Dataset items

[Start of Attachment]

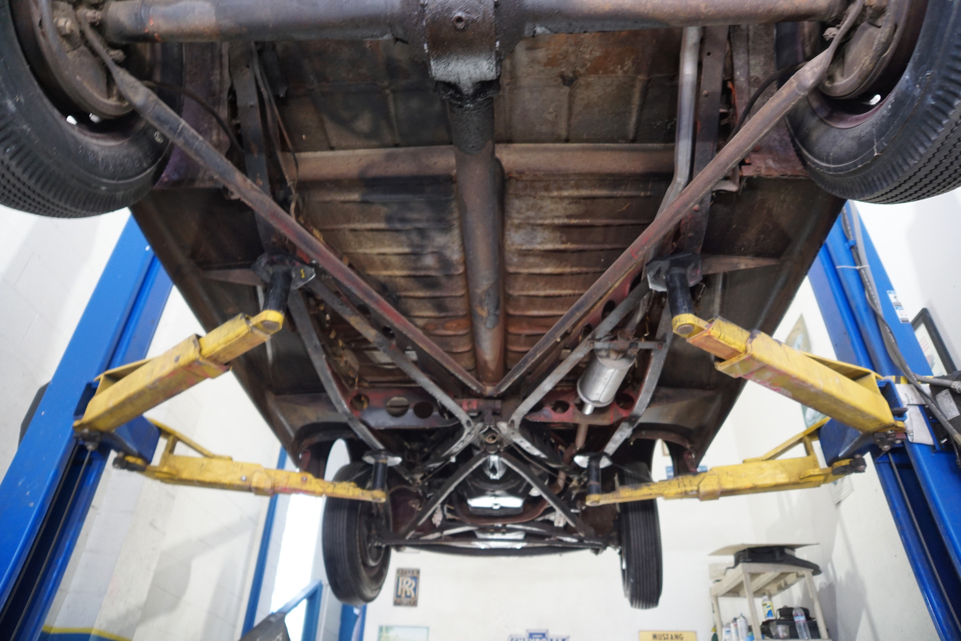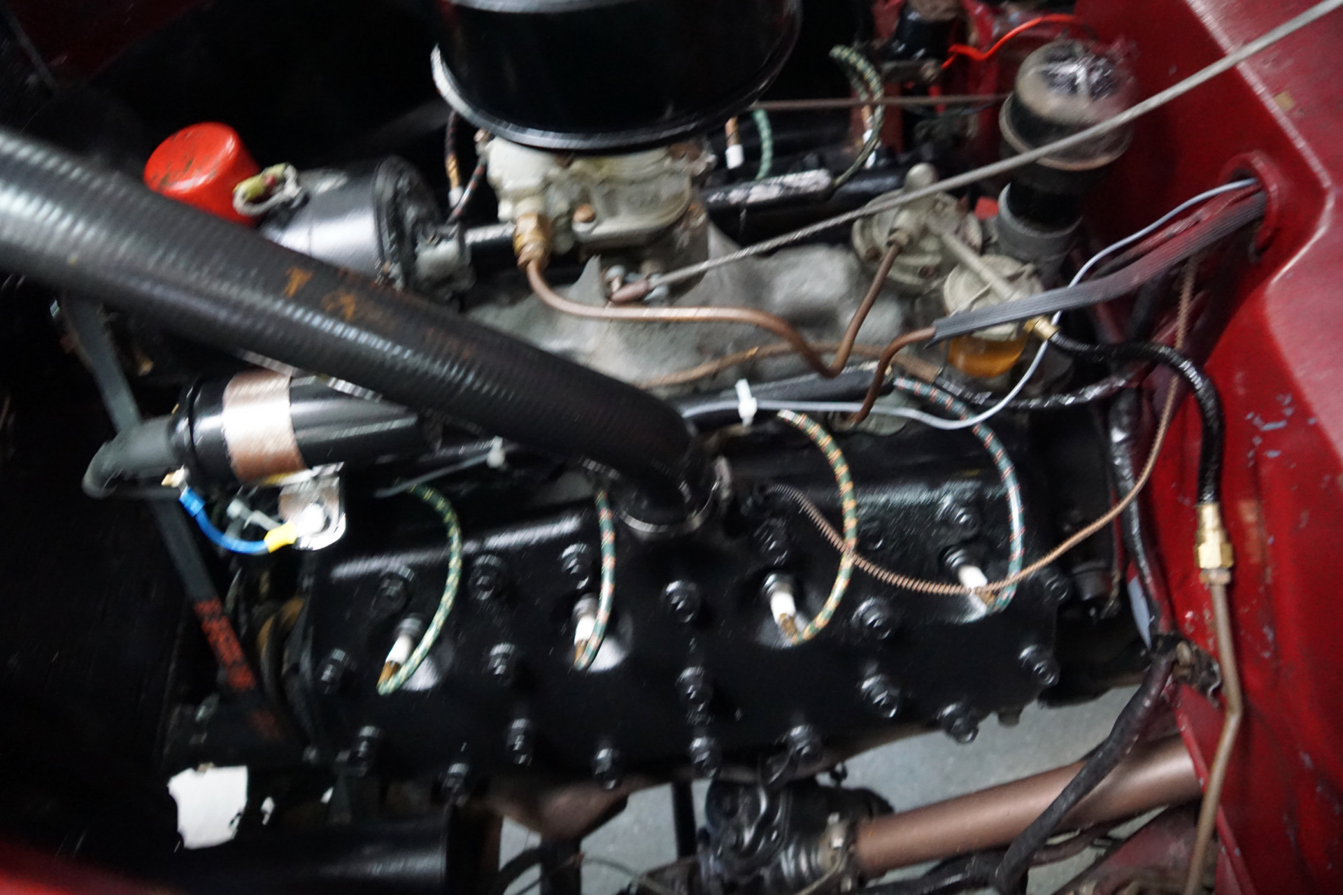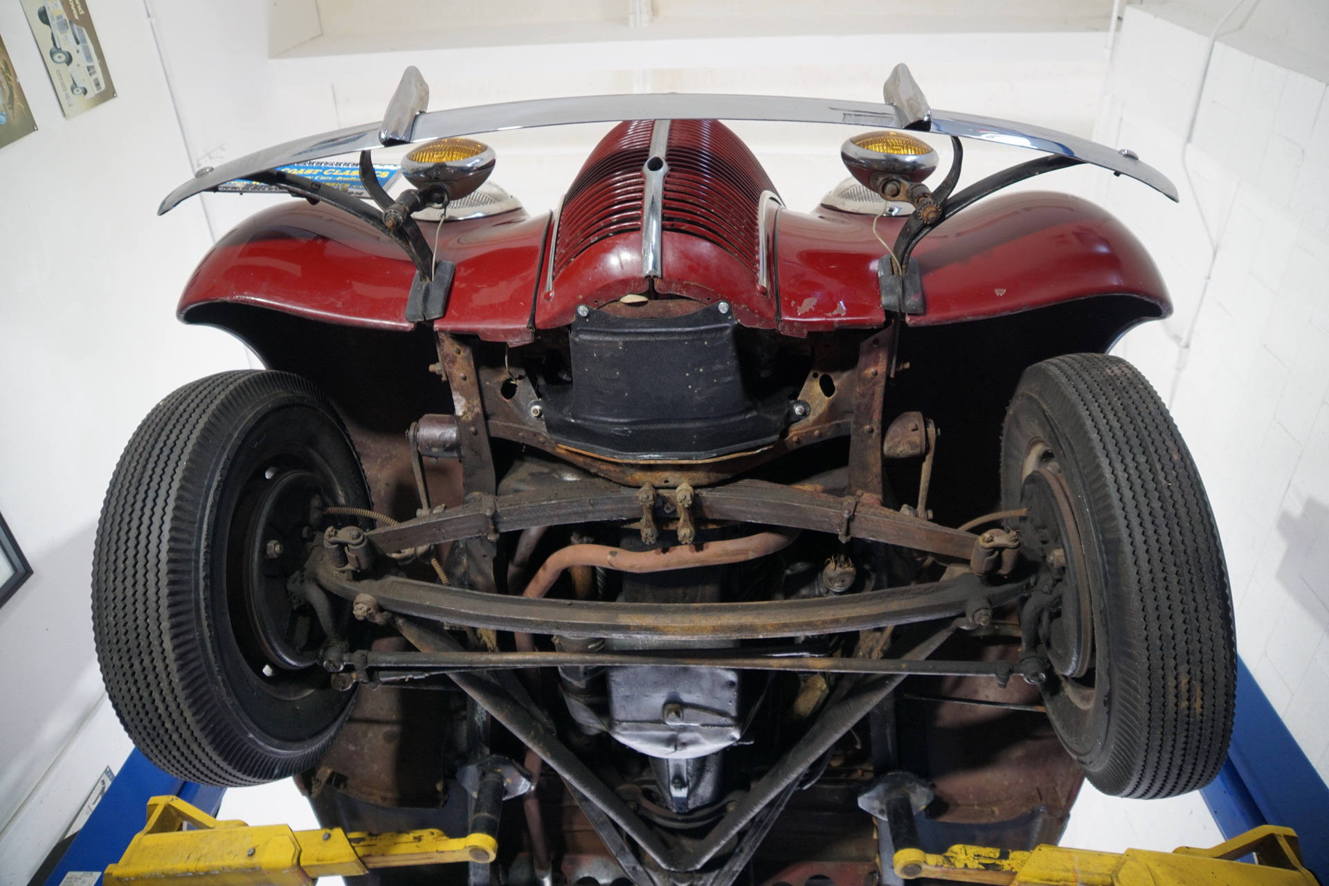 Since aquiring the car we had the car fully serviced and installed an electronic ignition distributor, replaced all spark plug wires and water pumps etc and the car actually now drives very well and is still quite striking thoughout with the accessory door hinge mirrors, wind wings, and spider hub caps contributing to the effect. The interior had already been reupholstered in Brown with matching door panels and carpets and is complemented by the iconic banjo steering wheel and a stem-wind clock in the glove box door. A taupe canvas top nicely completes the motif and matching side curtains are found in the trunk. The undercarriage is exceedingly clean and rust free. The original wheels are fitted with whitewall tires accented with original spider hubcaps and trim rings. The spare wheel rests in it's original trunk location.
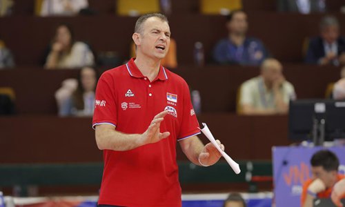 Serbia's head coach Nikola Grbic gestures during Volleyball Nations League match between France and Serbia in Novi Sad, Serbia, on June 1, 2019. France won 3-1. (Xinhua/Predrag Milosavljevic)
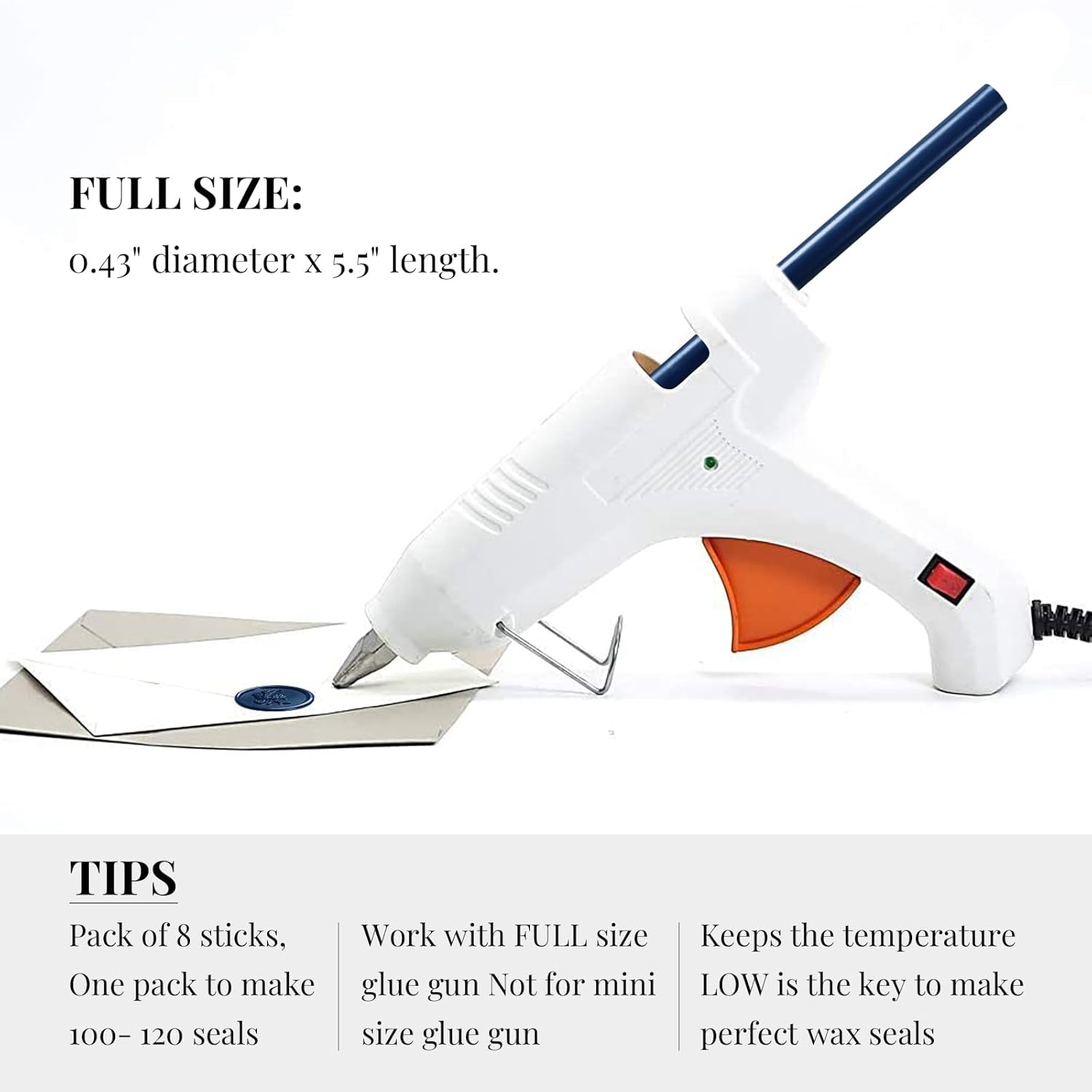 - Easy To Apply - Easily use together with a low-temp large standard 0.44" glue gun. Not designed for mini glue guns! If you plan to seal dozens of envelops, this is the most efficient method. To avoid the wax stuck to the stamp, you may put stamp on an ice pack in between every 4-5 impressions. Please remember the glue gun was designed for glue stick which requires a much higer melting temperature than the wax, so to keep the temperature low is the key.
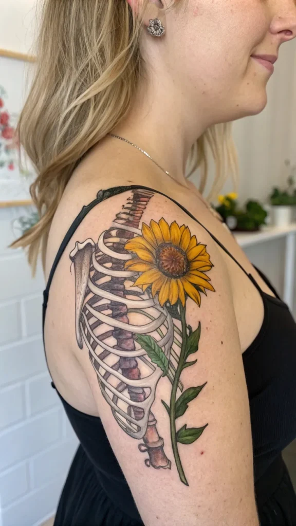 A well-executed realistic sunflower ribcage art can be a breathtaking addition to your body art collection, symbolizing warmth, happiness, and longevity.
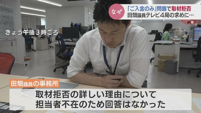 田畑議員は県内のテレビ4局による合同インタビューを拒否。書面で答えた通りだとしました。チューリップテレビはきょう、田畑議員の事務所に取材拒否の詳しい理由について問い合わせましたが、担当者不在のため、回答はありませんでした。
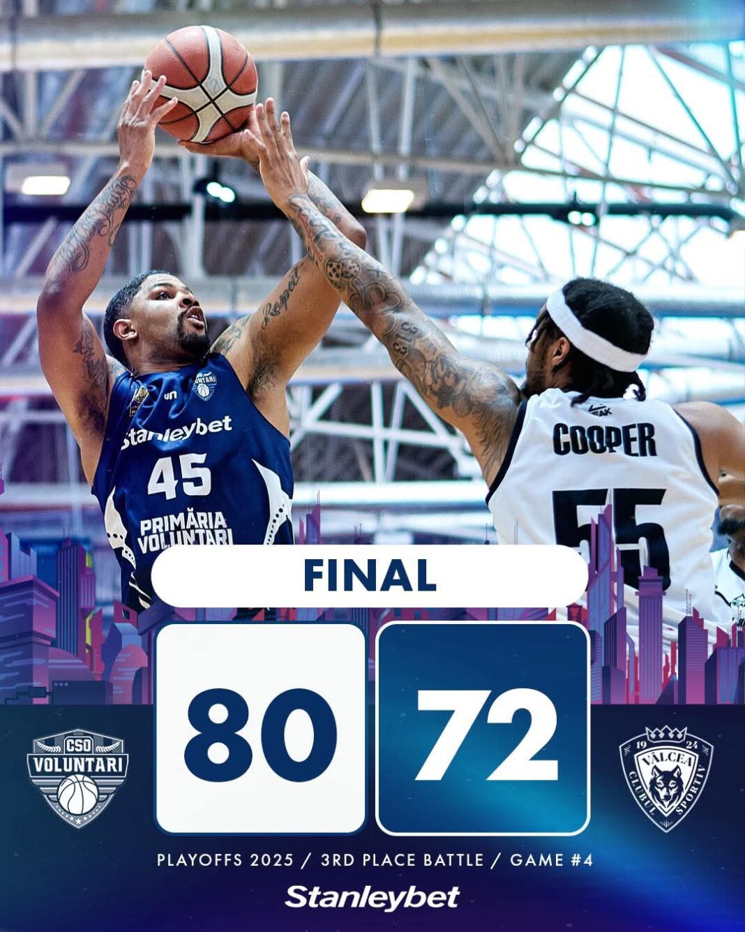 CSO Voluntari se menține în cursa pentru medaliile de bronz ale Ligii Naționale de Baschet Masculin (LNBM). Ilfovenii au reușit să câștige meciul patru al „finalei mici” și au egalat scorul la partide cu CS Vâlcea 1924, 2-2. Urmează meciul cinci, decisiv.
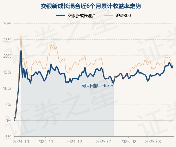 证券之星消息,3月24日,交银新成长混合最新单位净值为3.269元,累计净值为3.669元,较前一交易日上涨0.65%。历史数据显示该基金近1个月上涨2.99%,近3个月上涨1.05%,近6个月上涨16.96%,近1年上涨0.93%。该基金近6个月的累计收益率走势如下图:
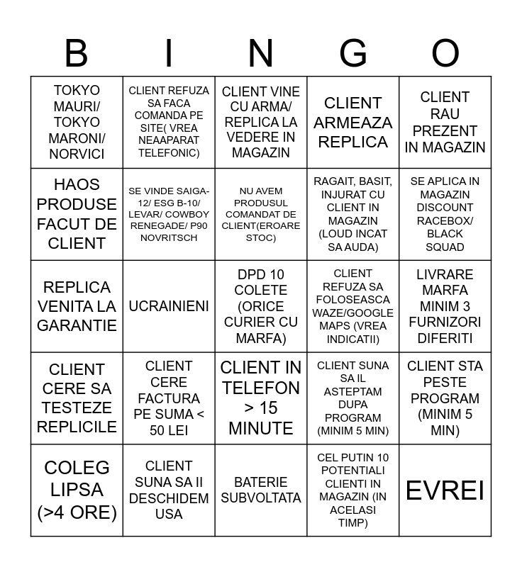 This bingo card has a free space and 24 words: CLIENT CERE FACTURA PE SUMA < 50 LEI, CLIENT SUNA SA II DESCHIDEM USA, NU AVEM PRODUSUL COMANDAT DE CLIENT(EROARE STOC), COLEG LIPSA (>4 ORE), CLIENT RAU PREZENT IN MAGAZIN, TOKYO MAURI/ TOKYO MARONI/ NORVICI, HAOS PRODUSE FACUT DE CLIENT, CLIENT REFUZA SA FACA COMANDA PE SITE( VREA NEAAPARAT TELEFONIC), CLIENT REFUZA SA FOLOSEASCA WAZE/GOOGLE MAPS (VREA INDICATII), CLIENT IN TELEFON > 15 MINUTE, RAGAIT, BASIT, INJURAT CU CLIENT IN MAGAZIN (LOUD INCAT SA AUDA), REPLICA VENITA LA GARANTIE, CLIENT SUNA SA IL ASTEPTAM DUPA PROGRAM (MINIM 5 MIN), CLIENT STA PESTE PROGRAM (MINIM 5 MIN), SE VINDE SAIGA-12/ ESG B-10/ LEVAR/ COWBOY RENEGADE/ P90 NOVRITSCH, CEL PUTIN 10 POTENTIALI CLIENTI IN MAGAZIN (IN ACELASI TIMP), LIVRARE MARFA MINIM 3 FURNIZORI DIFERITI, CLIENT VINE CU ARMA/ REPLICA LA VEDERE IN MAGAZIN, SE APLICA IN MAGAZIN DISCOUNT RACEBOX/ BLACK SQUAD, UCRAINIENI, EVREI, CLIENT CERE SA TESTEZE REPLICILE, CLIENT ARMEAZA REPLICA and BATERIE SUBVOLTATA.
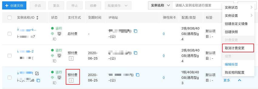 选择正在由预付费转后付费的实例,在右侧操作栏,单击 “更多 - 取消计费变更”,如下图所示。
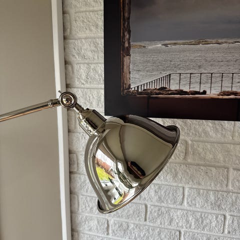 Lekker champagnefarget lampe, som gir et fint gyldent lys.
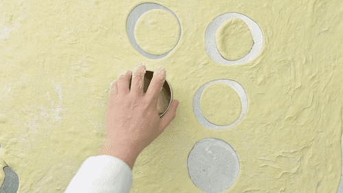 When the dough rises, knead it and roll it out to a thickness of 1.5–2 cm. Cut out twelve circles about 10 cm in diameter. Place the dough on a baking sheet lined with parchment paper and generously sprinkled with flour.
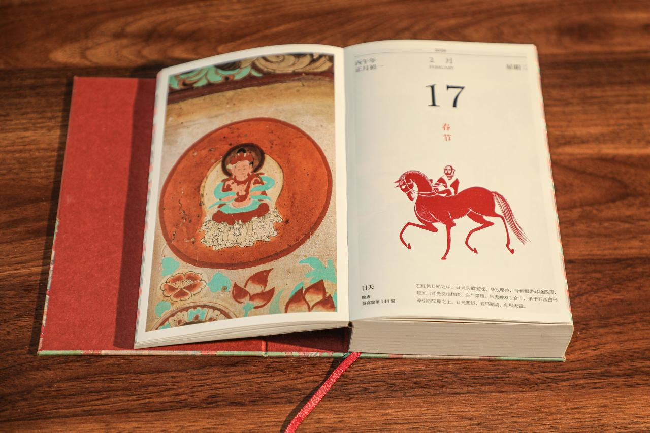 《敦煌日历》由中信出版与敦煌研究院共同出品,敦煌独特的翼马壁画是今年《敦煌日历》最大的看点,翼马是敦煌壁画中最具代表性的神瑞动物之一,其造型大多数为肩生双翼、通体青蓝色的天马,造型既有中国本土原始图腾崇拜的元素,也有沿着丝绸之路传来的波斯有翼神兽形象的显著影响,具有吉祥、成功、生活美好的寓意。中信出版介绍,今年《敦煌日历》推出了台历版,这是为了回应此前读者要求的“解放双手,沉浸赏画”的需求。
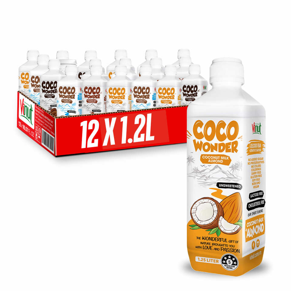 เครื่องดื่มกะทิที่ได้รับการรับรองมาตรฐาน ISO BRC Kosher หลากหลายรสชาติโรงงาน vinut, ตัวอย่างฟรี, การออกแบบฟรี, oem/odm, halal fssc ต่ำ
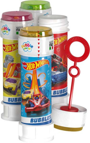 Frasquinho para fazer bolhas de sabão com vários carros da Hot Wheels. Com este frasco podes fazer três tamanhos de bolas de sabão diferentes de uma só vez. Uma ótima e divertida ideia para oferecer como brinde de festa de aniversário.
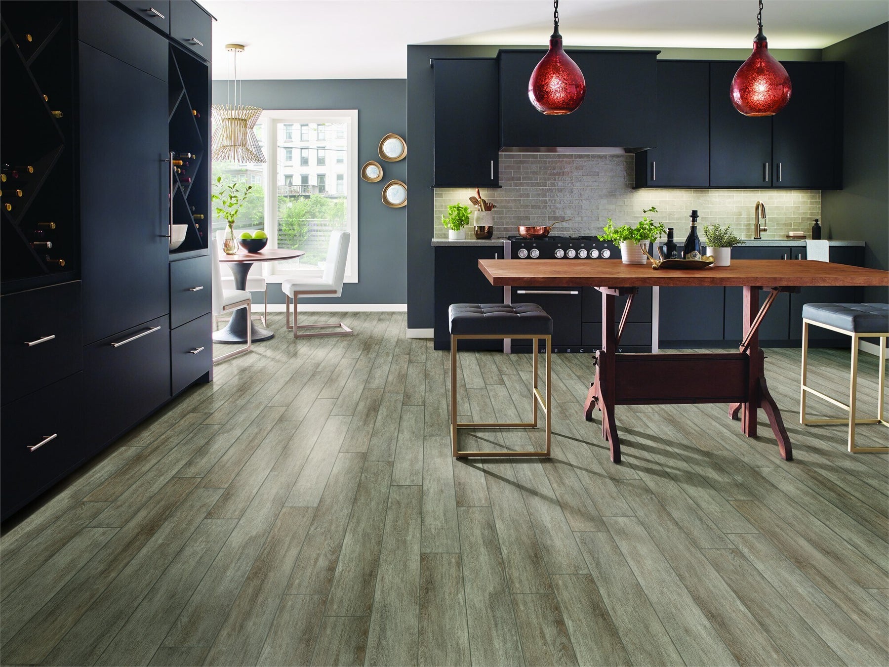 This plank brings a quiet sophistication—cool, brushed oak tones that ground the room with calm, modern elegance. The low-gloss finish and beveled edges deliver a tailored look that pairs beautifully with matte black cabinetry or warm brass accents. Run the boards lengthwise to elongate the space and let the subtle grain create a gentle rhythm underfoot. It’s a chic, waterproof foundation that feels luxurious yet lives easily day to day.
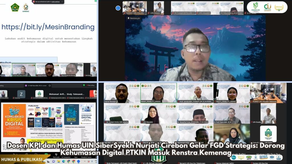 Kegiatan yang dilaksanakan secara daring ini menjadi ruang kolaborasi akademik lintas Perguruan Tinggi Keagamaan Islam Negeri (PTKIN) untuk merumuskan arah baru strategi komunikasi publik berbasis digital.

[End of Attachment]

• TO DO: Exact repetition of all the records is required, with the pictures excluded.

• RESPONSE:
 Since aquiring the car we had the car fully serviced and installed an electronic ignition distributor, replaced all spark plug wires and water pumps etc and the car actually now drives very well and is still quite striking thoughout with the accessory door hinge mirrors, wind wings, and spider hub caps contributing to the effect. The interior had already been reupholstered in Brown with matching door panels and carpets and is complemented by the iconic banjo steering wheel and a stem-wind clock in the glove box door. A taupe canvas top nicely completes the motif and matching side curtains are found in the trunk. The undercarriage is exceedingly clean and rust free. The original wheels are fitted with whitewall tires accented with original spider hubcaps and trim rings. The spare wheel rests in it's original trunk location.
 Serbia's head coach Nikola Grbic gestures during Volleyball Nations League match between France and Serbia in Novi Sad, Serbia, on June 1, 2019. France won 3-1. (Xinhua/Predrag Milosavljevic)
 - Easy To Apply - Easily use together with a low-temp large standard 0.44" glue gun. Not designed for mini glue guns! If you plan to seal dozens of envelops, this is the most efficient method. To avoid the wax stuck to the stamp, you may put stamp on an ice pack in between every 4-5 impressions. Please remember the glue gun was designed for glue stick which requires a much higer melting temperature than the wax, so to keep the temperature low is the key.
 A well-executed realistic sunflower ribcage art can be a breathtaking addition to your body art collection, symbolizing warmth, happiness, and longevity.
 田畑議員は県内のテレビ4局による合同インタビューを拒否。書面で答えた通りだとしました。チューリップテレビはきょう、田畑議員の事務所に取材拒否の詳しい理由について問い合わせましたが、担当者不在のため、回答はありませんでした。
 CSO Voluntari se menține în cursa pentru medaliile de bronz ale Ligii Naționale de Baschet Masculin (LNBM). Ilfovenii au reușit să câștige meciul patru al „finalei mici” și au egalat scorul la partide cu CS Vâlcea 1924, 2-2. Urmează meciul cinci, decisiv.
 证券之星消息,3月24日,交银新成长混合最新单位净值为3.269元,累计净值为3.669元,较前一交易日上涨0.65%。历史数据显示该基金近1个月上涨2.99%,近3个月上涨1.05%,近6个月上涨16.96%,近1年上涨0.93%。该基金近6个月的累计收益率走势如下图:
 This bingo card has a free space and 24 words: CLIENT CERE FACTURA PE SUMA < 50 LEI, CLIENT SUNA SA II DESCHIDEM USA, NU AVEM PRODUSUL COMANDAT DE CLIENT(EROARE STOC), COLEG LIPSA (>4 ORE), CLIENT RAU PREZENT IN MAGAZIN, TOKYO MAURI/ TOKYO MARONI/ NORVICI, HAOS PRODUSE FACUT DE CLIENT, CLIENT REFUZA SA FACA COMANDA PE SITE( VREA NEAAPARAT TELEFONIC), CLIENT REFUZA SA FOLOSEASCA WAZE/GOOGLE MAPS (VREA INDICATII), CLIENT IN TELEFON > 15 MINUTE, RAGAIT, BASIT, INJURAT CU CLIENT IN MAGAZIN (LOUD INCAT SA AUDA), REPLICA VENITA LA GARANTIE, CLIENT SUNA SA IL ASTEPTAM DUPA PROGRAM (MINIM 5 MIN), CLIENT STA PESTE PROGRAM (MINIM 5 MIN), SE VINDE SAIGA-12/ ESG B-10/ LEVAR/ COWBOY RENEGADE/ P90 NOVRITSCH, CEL PUTIN 10 POTENTIALI CLIENTI IN MAGAZIN (IN ACELASI TIMP), LIVRARE MARFA MINIM 3 FURNIZORI DIFERITI, CLIENT VINE CU ARMA/ REPLICA LA VEDERE IN MAGAZIN, SE APLICA IN MAGAZIN DISCOUNT RACEBOX/ BLACK SQUAD, UCRAINIENI, EVREI, CLIENT CERE SA TESTEZE REPLICILE, CLIENT ARMEAZA REPLICA and BATERIE SUBVOLTATA.
 选择正在由预付费转后付费的实例,在右侧操作栏,单击 “更多 - 取消计费变更”,如下图所示。
 Lekker champagnefarget lampe, som gir et fint gyldent lys.
 When the dough rises, knead it and roll it out to a thickness of 1.5–2 cm. Cut out twelve circles about 10 cm in diameter. Place the dough on a baking sheet lined with parchment paper and generously sprinkled with flour.
 《敦煌日历》由中信出版与敦煌研究院共同出品,敦煌独特的翼马壁画是今年《敦煌日历》最大的看点,翼马是敦煌壁画中最具代表性的神瑞动物之一,其造型大多数为肩生双翼、通体青蓝色的天马,造型既有中国本土原始图腾崇拜的元素,也有沿着丝绸之路传来的波斯有翼神兽形象的显著影响,具有吉祥、成功、生活美好的寓意。中信出版介绍,今年《敦煌日历》推出了台历版,这是为了回应此前读者要求的“解放双手,沉浸赏画”的需求。
 เครื่องดื่มกะทิที่ได้รับการรับรองมาตรฐาน ISO BRC Kosher หลากหลายรสชาติโรงงาน vinut, ตัวอย่างฟรี, การออกแบบฟรี, oem/odm, halal fssc ต่ำ
 Frasquinho para fazer bolhas de sabão com vários carros da Hot Wheels. Com este frasco podes fazer três tamanhos de bolas de sabão diferentes de uma só vez. Uma ótima e divertida ideia para oferecer como brinde de festa de aniversário.
 This plank brings a quiet sophistication—cool, brushed oak tones that ground the room with calm, modern elegance. The low-gloss finish and beveled edges deliver a tailored look that pairs beautifully with matte black cabinetry or warm brass accents. Run the boards lengthwise to elongate the space and let the subtle grain create a gentle rhythm underfoot. It’s a chic, waterproof foundation that feels luxurious yet lives easily day to day.
 Kegiatan yang dilaksanakan secara daring ini menjadi ruang kolaborasi akademik lintas Perguruan Tinggi Keagamaan Islam Negeri (PTKIN) untuk merumuskan arah baru strategi komunikasi publik berbasis digital.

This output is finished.